======== EXTRACTED MATERIAL

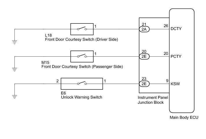 When the key is in the ignition key cylinder or the door courtesy light ON signal is output to the main body ECU (instrument panel junction block), performing the door lock operation with the lock switch does not lock the door.
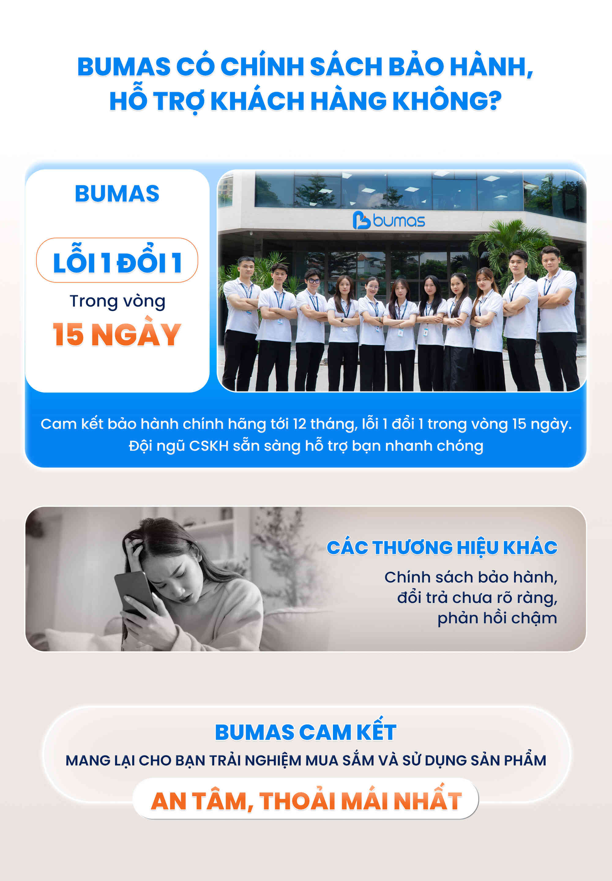 3. Tất cả các sản phẩm của BUMAS đều được bảo hành chính hãng 6 tháng
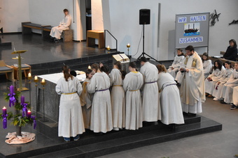 In St. Nikolaus Gerbrunn durften wir in diesem Jahr sechs neue Ministrantinnen begrüßen. Wir haben uns sehr darüber gefreut, die Mädchen auf ihrem Weg in die Ministrantengemeinschaft begleiten zu dürfen.
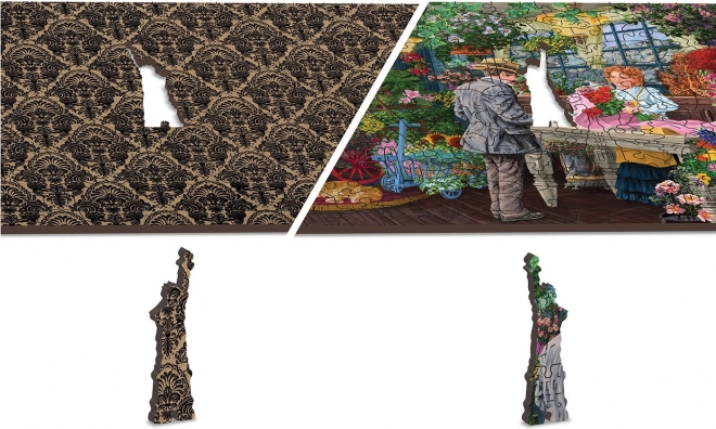 Et stilfuldt træpuslespil med motiv af en livlig blomsterhandel vil glæde både elskere af detaljerede illustrationer og mere krævende puslespilsbyggere. Takket være det dobbelt-sidede design får du to puslespil i ét – forside med en farverig scene fuld af blomster og bagside med mønster til lægning efter former. Unikke udskæringer i form af dyr, personer og genstande fungerer som små figurer og giver lægningen en ny dimension.
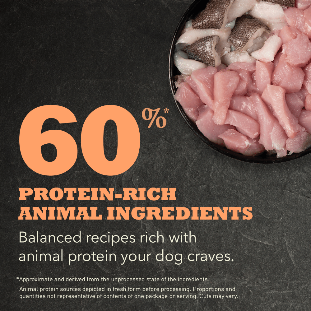 Your dog may not roam the wilderness like their ancestors did, but that doesn't mean you shouldn't feed them like they don't. ACANA makes only foods that are rich in meat and protein variety, with wholeprey meat ratios and limited carbohydrates, replacing fast carbs with low glycemic, healthy fruits and vegetables. With a state of art brand new kitchen in Kentucky, all ACANA foods are sourced and made right here in the USA by trusted farmers. With human grade ingredients that typically arrive at the kitchens within 48 hours of harvesting, fresh is the entire basis of ACANA’s brand. Ingredients like heritage red meats from the Appalachian ranching country, free run poultry and eggs, wild caught fish from New England, whole fruits and vegetables like Bartlett pears and butternut squash, and locally grown botanicals from Kentucky, ACANA believes the healthiest foods are made here at home in Kentucky, never outsourced. ACANA nourishes your pet's instinct for real, fresh meats and high quality grain-free carbohydrates. It's everything Mother Nature intended, and nothing she did not.
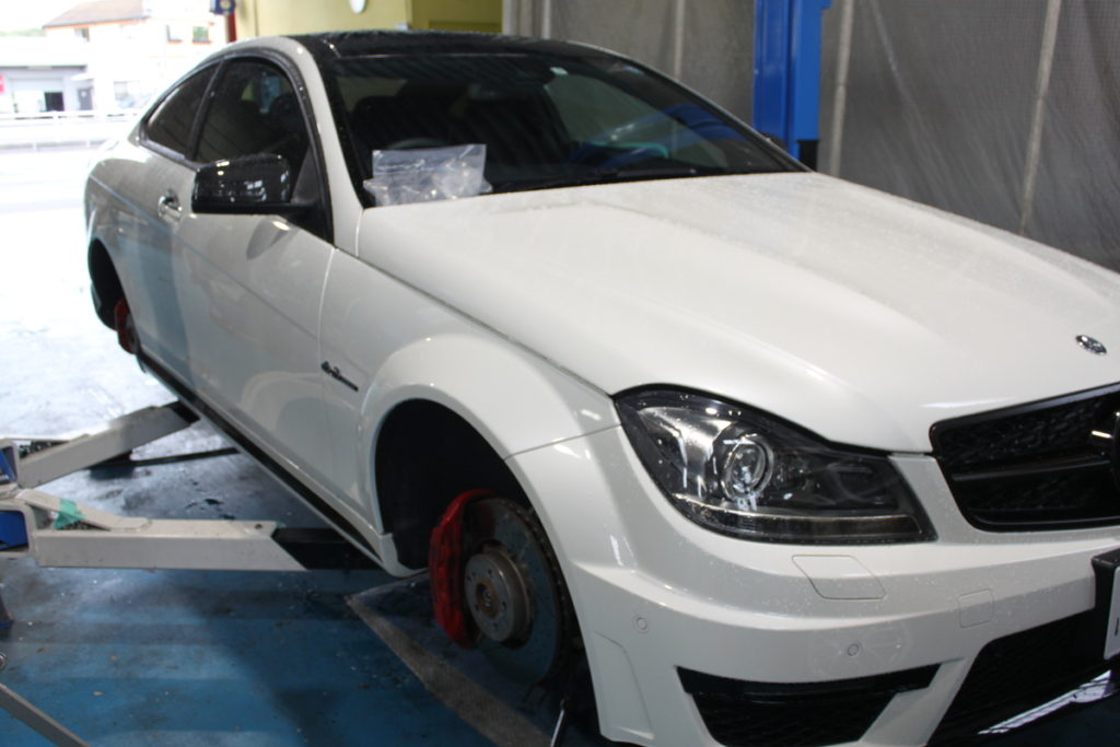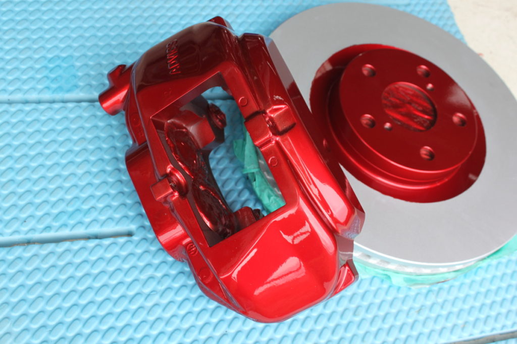 自社に展示するレクサスのキャリパーとローターを塗装…
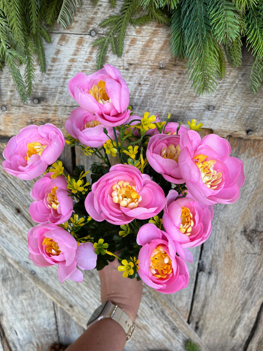 20" Pink Ranuculus Bush, Pink Yellow Floral Bush, Artificial Floral Bush
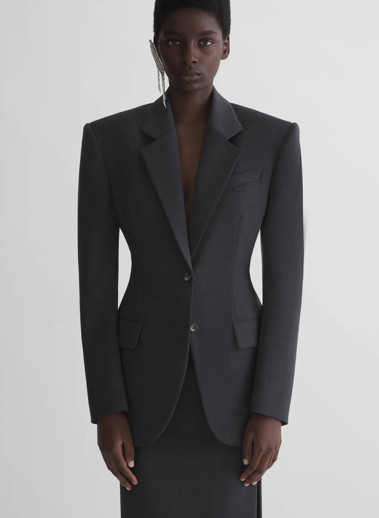 - Oversized hourglass blazer in bonded melange wool - Notched lapel - Wide padded shoulders - Welt pocket with signature loop and flap pockets - Horn buttons - Back vent - Fully lined with pinstriped sleeve interior - Model is 177 cm / 5'10" and is wearing a size 36 DETAILS made in UKRAINE style: 26P1VE04841018
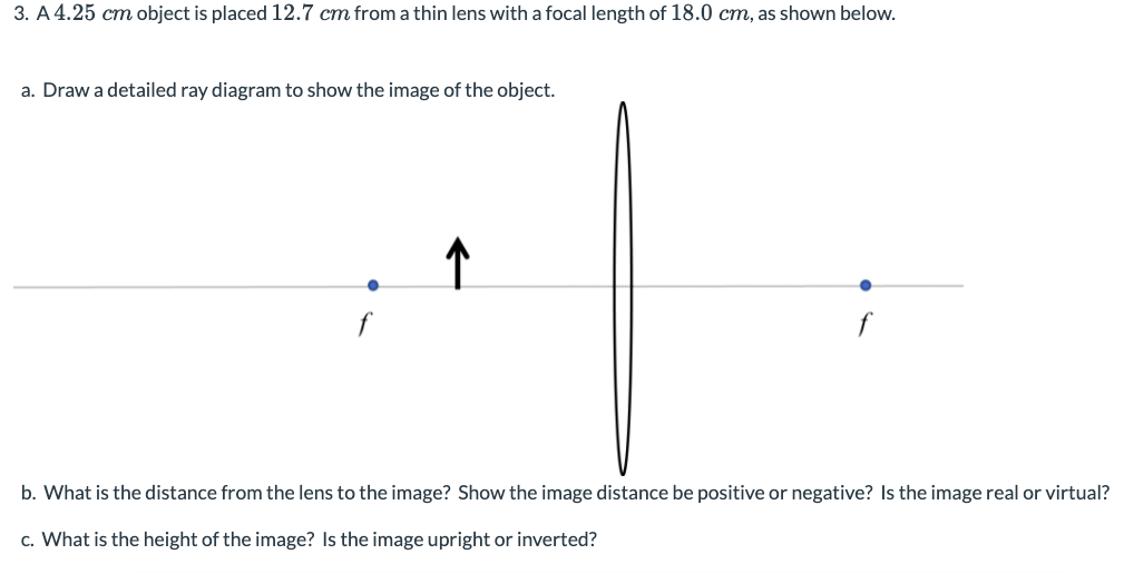 3. A 4.25 cm object is placed 12.7 cm from a thin lens with a focal...
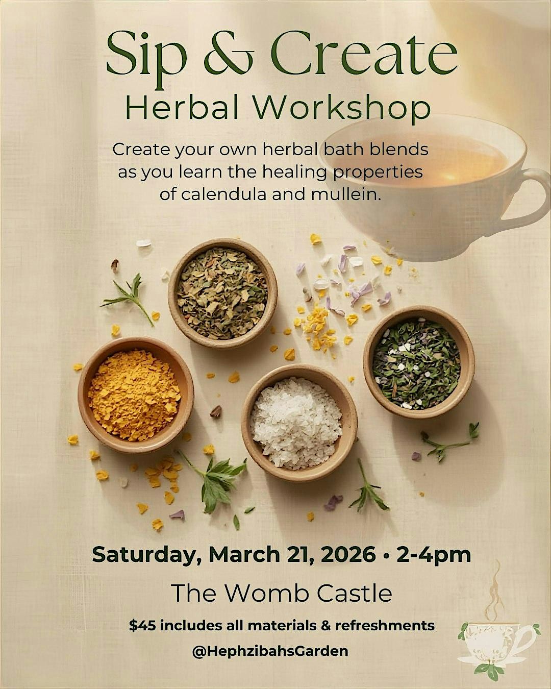 You're invited to the Womb Castle for a relaxing and educational workshop designed to blend creativity with wellness. Unwind, sip, and explore the art of herbal crafting in this hands-on workshop. Enjoy a soothing beverage while learning about the healing properties of herbs and crafting your own personalized herbal bath blend.
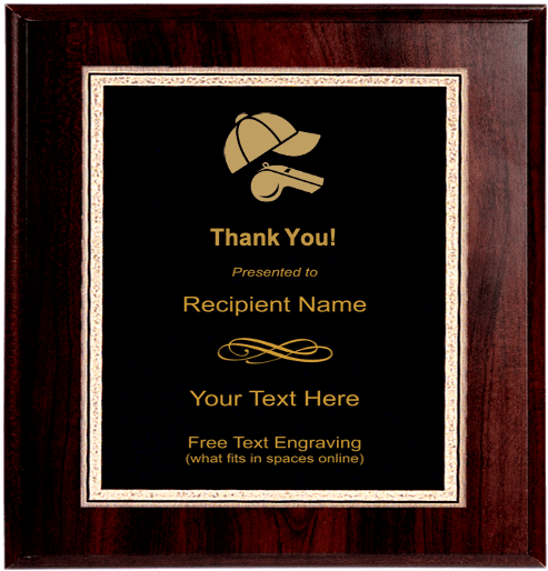 This coach award plaque features a stock coach logo, your text personalized engraving and a beautiful Cherry wood finish. Use our personalization wizard and select 'Use popular template' or create your own unique design! Coach plaques are available in three popular sizes, 9"x7", 10"x8" and 12"x9". Please select below. Stock artwork and text personalized engraving is free! Shown with a black personalized engraving plate with gilded edge. Ships from: Marquette, Michigan. SKU: coach-plaque-tc.
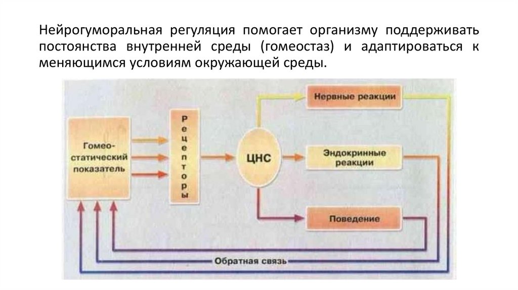 Нейрогуморальная регуляция помогает организму поддерживатьпостоянства внутренней среды (гомеостаз) и адаптироваться к
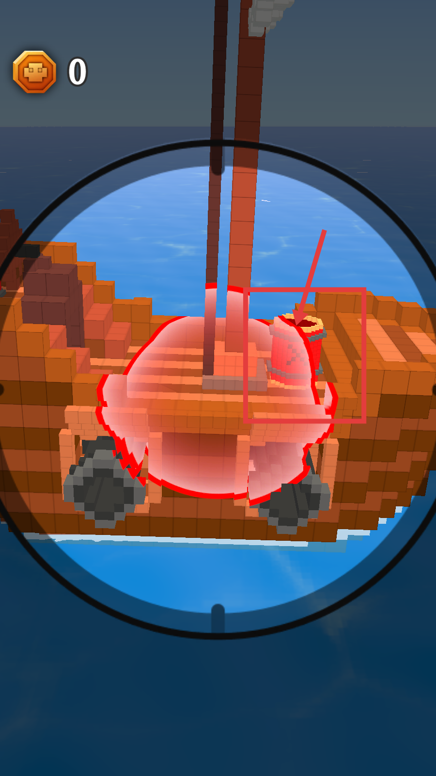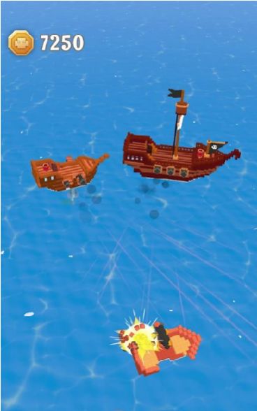 3、瞄准敌方船只的关键部位,精准射击,摧毁目标以推进关卡。
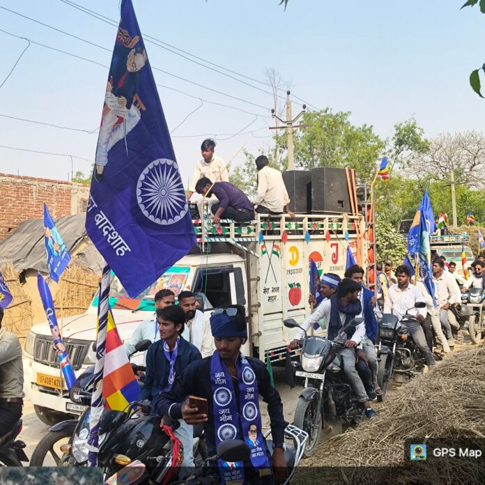 वेलहन महेशपुर में अंबेडकर जयंती मनाई:डॉ. भीमराव अंबेडकर की 136वीं जयंती पर निकाली गई शोभायात्रा
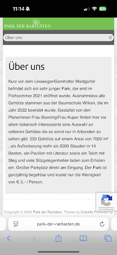 Read moreErst einmal ganz herzlichen Dank an Herrn Wilken. Wir (meine Freundin und ich) waren am 04. Mai 2023 erstmals im Park und waren sehr angetan von der Vielfalt der Raritäten und der gesamten Anlage. Sie ist wunderschön angelegt und eine echte Augenweide. Am 12.07.2023 waren wir erneut im Park, weil wir gern dort im Pavillon oder am Teich etwas Zeit verbringen wollten. Zu unserem Bedauern mussten wir lesen, dass es (leider wieder einmal) Menschen gibt, die einen solchen - mit viel Liebe und Arbeit angelegten - Ort vermüllen. Da stellt jemand unentgeltlich ein wunderbares Kleinod kostenlos zur Verfügung (sogar eine Toilette ist vorhanden) und dann kommen Besucher, die das alles nicht zu schätzen wissen. Schade, dass dann alle, die achtsam mit der Natur umgehen, darunter leiden müssen. Lassen Sie sich, lieber Herr Wilken und Team, bitte durch solche Vorkommnisse nicht entmutigen. Wir freuen uns auf das nächste Mal und haben Ihren Park netten, umweltbewussten Menschen empfohlen. Mit herzlichen Grüßen Ilse Dornbusch...
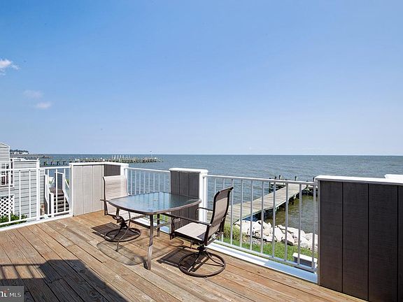 DIRECT CHESAPEAKE BAY WATERFRONT!! SMALL COMMUNITY OF 12 TOWNHOUSES WITH A PRIVATE COMMUNITY PIER. WATCH THE SUNRISE EACH MORNING ON YOUR OWN DECK, OR FROM THE BALCONY OFF THE MASTER BEDROOM. MULTIPLE DECKS AND BALCONIES FRONT AND REAR. WRAP AROUND DECK FROM THE WATERFRONT TO THE KITCHEN. FRESHLY PAINTED AND SUPER CLEAN, ROOF REPLACED IN 2016. NEW KITCHEN AND MASTER BATH FLOORING. MASTER BEDROOM WITH SUPER BATH AND SPIRAL STAIRS TO GENEROUS LOFT AREA. OVERSIZE GARAGE WITH AN ADDITIONAL FINISHED ROOM THAT HAS A SLIDING DOOR TO THE WATER SIDE. GREAT PRICE, DON'T HESITATE!! FLOOD INSURANCE IS ASSUMABLE, APPROX. $1200. PER YEAR FOR A PART TIME RESIDENCE, APPROX. $200. PER YEAR LESS FOR A FULL TIME OCCUPANT. ELEVATION CERTIFICATE AND SURVEY AVAILABLE.
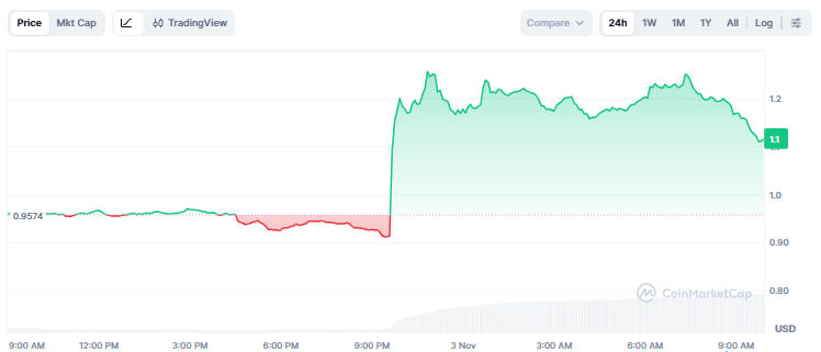 Pernyataan sederhana itu memicu reli tajam harga ASTER dari US$0,91 hingga mencapai puncak di US$1,26, sebelum terkoreksi ke kisaran US$1,1 menurut data CoinMarketCap.
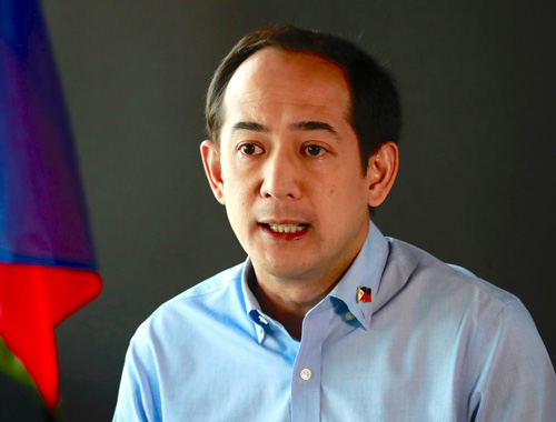 ボンボン・マルコス候補の報道担当者ビック・ロドリゲス弁護士=13日、首都圏マンダルーヨン市(EPA=時事)
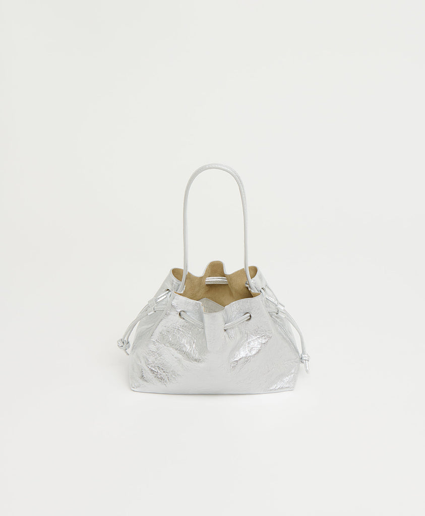 The Drawstring Pouchette in Crinkled Silver brings a luminous touch to a signature silhouette. Crafted from premium Italian leather with a subtly textured metallic finish, this compact pouch holds daily essentials while maintaining an elevated, modern feel. The soft drawstring closure and minimalist design transition effortlessly from day to evening.
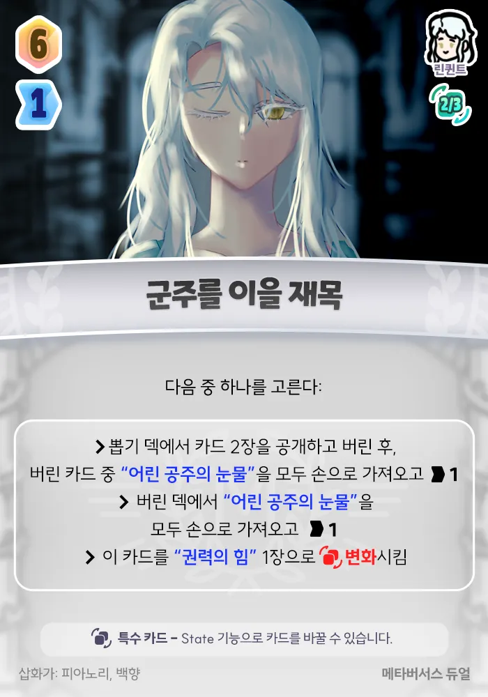 다음 중 하나를 고른다: ■ 뽑기 덱에서 카드 2장을 공개하고 버린 후, 버린 카드 중 “어린 공주의 눈물”을 모두 손으로 가져오고 +1 행동력 ■ 버린 덱에서 “어린 공주의 눈물”을 모두 손으로 가져오고 +1 행동력 ■ 이 카드를 “권력의 힘” 1장으로
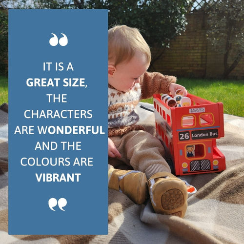 - ⭐ London Bus Smooth wooden build with bright, bold colours, realistic bus detailing, and durable, moving wheels

================

**DIRECTIONS**.
With the pictures omitted, the records above are to be repeated exactly.

**RESULT OF THE TASK**.
 When the key is in the ignition key cylinder or the door courtesy light ON signal is output to the main body ECU (instrument panel junction block), performing the door lock operation with the lock switch does not lock the door.
 3. Tất cả các sản phẩm của BUMAS đều được bảo hành chính hãng 6 tháng
 In St. Nikolaus Gerbrunn durften wir in diesem Jahr sechs neue Ministrantinnen begrüßen. Wir haben uns sehr darüber gefreut, die Mädchen auf ihrem Weg in die Ministrantengemeinschaft begleiten zu dürfen.
 Et stilfuldt træpuslespil med motiv af en livlig blomsterhandel vil glæde både elskere af detaljerede illustrationer og mere krævende puslespilsbyggere. Takket være det dobbelt-sidede design får du to puslespil i ét – forside med en farverig scene fuld af blomster og bagside med mønster til lægning efter former. Unikke udskæringer i form af dyr, personer og genstande fungerer som små figurer og giver lægningen en ny dimension.
 Your dog may not roam the wilderness like their ancestors did, but that doesn't mean you shouldn't feed them like they don't. ACANA makes only foods that are rich in meat and protein variety, with wholeprey meat ratios and limited carbohydrates, replacing fast carbs with low glycemic, healthy fruits and vegetables. With a state of art brand new kitchen in Kentucky, all ACANA foods are sourced and made right here in the USA by trusted farmers. With human grade ingredients that typically arrive at the kitchens within 48 hours of harvesting, fresh is the entire basis of ACANA’s brand. Ingredients like heritage red meats from the Appalachian ranching country, free run poultry and eggs, wild caught fish from New England, whole fruits and vegetables like Bartlett pears and butternut squash, and locally grown botanicals from Kentucky, ACANA believes the healthiest foods are made here at home in Kentucky, never outsourced. ACANA nourishes your pet's instinct for real, fresh meats and high quality grain-free carbohydrates. It's everything Mother Nature intended, and nothing she did not.
 自社に展示するレクサスのキャリパーとローターを塗装…
 20" Pink Ranuculus Bush, Pink Yellow Floral Bush, Artificial Floral Bush
 - Oversized hourglass blazer in bonded melange wool - Notched lapel - Wide padded shoulders - Welt pocket with signature loop and flap pockets - Horn buttons - Back vent - Fully lined with pinstriped sleeve interior - Model is 177 cm / 5'10" and is wearing a size 36 DETAILS made in UKRAINE style: 26P1VE04841018
 3. A 4.25 cm object is placed 12.7 cm from a thin lens with a focal...
 You're invited to the Womb Castle for a relaxing and educational workshop designed to blend creativity with wellness. Unwind, sip, and explore the art of herbal crafting in this hands-on workshop. Enjoy a soothing beverage while learning about the healing properties of herbs and crafting your own personalized herbal bath blend.
 This coach award plaque features a stock coach logo, your text personalized engraving and a beautiful Cherry wood finish. Use our personalization wizard and select 'Use popular template' or create your own unique design! Coach plaques are available in three popular sizes, 9"x7", 10"x8" and 12"x9". Please select below. Stock artwork and text personalized engraving is free! Shown with a black personalized engraving plate with gilded edge. Ships from: Marquette, Michigan. SKU: coach-plaque-tc.
 Нейрогуморальная регуляция помогает организму поддерживатьпостоянства внутренней среды (гомеостаз) и адаптироваться к
 3、瞄准敌方船只的关键部位,精准射击,摧毁目标以推进关卡。
 वेलहन महेशपुर में अंबेडकर जयंती मनाई:डॉ. भीमराव अंबेडकर की 136वीं जयंती पर निकाली गई शोभायात्रा
 Read moreErst einmal ganz herzlichen Dank an Herrn Wilken. Wir (meine Freundin und ich) waren am 04. Mai 2023 erstmals im Park und waren sehr angetan von der Vielfalt der Raritäten und der gesamten Anlage. Sie ist wunderschön angelegt und eine echte Augenweide. Am 12.07.2023 waren wir erneut im Park, weil wir gern dort im Pavillon oder am Teich etwas Zeit verbringen wollten. Zu unserem Bedauern mussten wir lesen, dass es (leider wieder einmal) Menschen gibt, die einen solchen - mit viel Liebe und Arbeit angelegten - Ort vermüllen. Da stellt jemand unentgeltlich ein wunderbares Kleinod kostenlos zur Verfügung (sogar eine Toilette ist vorhanden) und dann kommen Besucher, die das alles nicht zu schätzen wissen. Schade, dass dann alle, die achtsam mit der Natur umgehen, darunter leiden müssen. Lassen Sie sich, lieber Herr Wilken und Team, bitte durch solche Vorkommnisse nicht entmutigen. Wir freuen uns auf das nächste Mal und haben Ihren Park netten, umweltbewussten Menschen empfohlen. Mit herzlichen Grüßen Ilse Dornbusch...
 DIRECT CHESAPEAKE BAY WATERFRONT!! SMALL COMMUNITY OF 12 TOWNHOUSES WITH A PRIVATE COMMUNITY PIER. WATCH THE SUNRISE EACH MORNING ON YOUR OWN DECK, OR FROM THE BALCONY OFF THE MASTER BEDROOM. MULTIPLE DECKS AND BALCONIES FRONT AND REAR. WRAP AROUND DECK FROM THE WATERFRONT TO THE KITCHEN. FRESHLY PAINTED AND SUPER CLEAN, ROOF REPLACED IN 2016. NEW KITCHEN AND MASTER BATH FLOORING. MASTER BEDROOM WITH SUPER BATH AND SPIRAL STAIRS TO GENEROUS LOFT AREA. OVERSIZE GARAGE WITH AN ADDITIONAL FINISHED ROOM THAT HAS A SLIDING DOOR TO THE WATER SIDE. GREAT PRICE, DON'T HESITATE!! FLOOD INSURANCE IS ASSUMABLE, APPROX. $1200. PER YEAR FOR A PART TIME RESIDENCE, APPROX. $200. PER YEAR LESS FOR A FULL TIME OCCUPANT. ELEVATION CERTIFICATE AND SURVEY AVAILABLE.
 Pernyataan sederhana itu memicu reli tajam harga ASTER dari US$0,91 hingga mencapai puncak di US$1,26, sebelum terkoreksi ke kisaran US$1,1 menurut data CoinMarketCap.
 ボンボン・マルコス候補の報道担当者ビック・ロドリゲス弁護士=13日、首都圏マンダルーヨン市(EPA=時事)
 The Drawstring Pouchette in Crinkled Silver brings a luminous touch to a signature silhouette. Crafted from premium Italian leather with a subtly textured metallic finish, this compact pouch holds daily essentials while maintaining an elevated, modern feel. The soft drawstring closure and minimalist design transition effortlessly from day to evening.
 다음 중 하나를 고른다: ■ 뽑기 덱에서 카드 2장을 공개하고 버린 후, 버린 카드 중 “어린 공주의 눈물”을 모두 손으로 가져오고 +1 행동력 ■ 버린 덱에서 “어린 공주의 눈물”을 모두 손으로 가져오고 +1 행동력 ■ 이 카드를 “권력의 힘” 1장으로
 - ⭐ London Bus Smooth wooden build with bright, bold colours, realistic bus detailing, and durable, moving wheels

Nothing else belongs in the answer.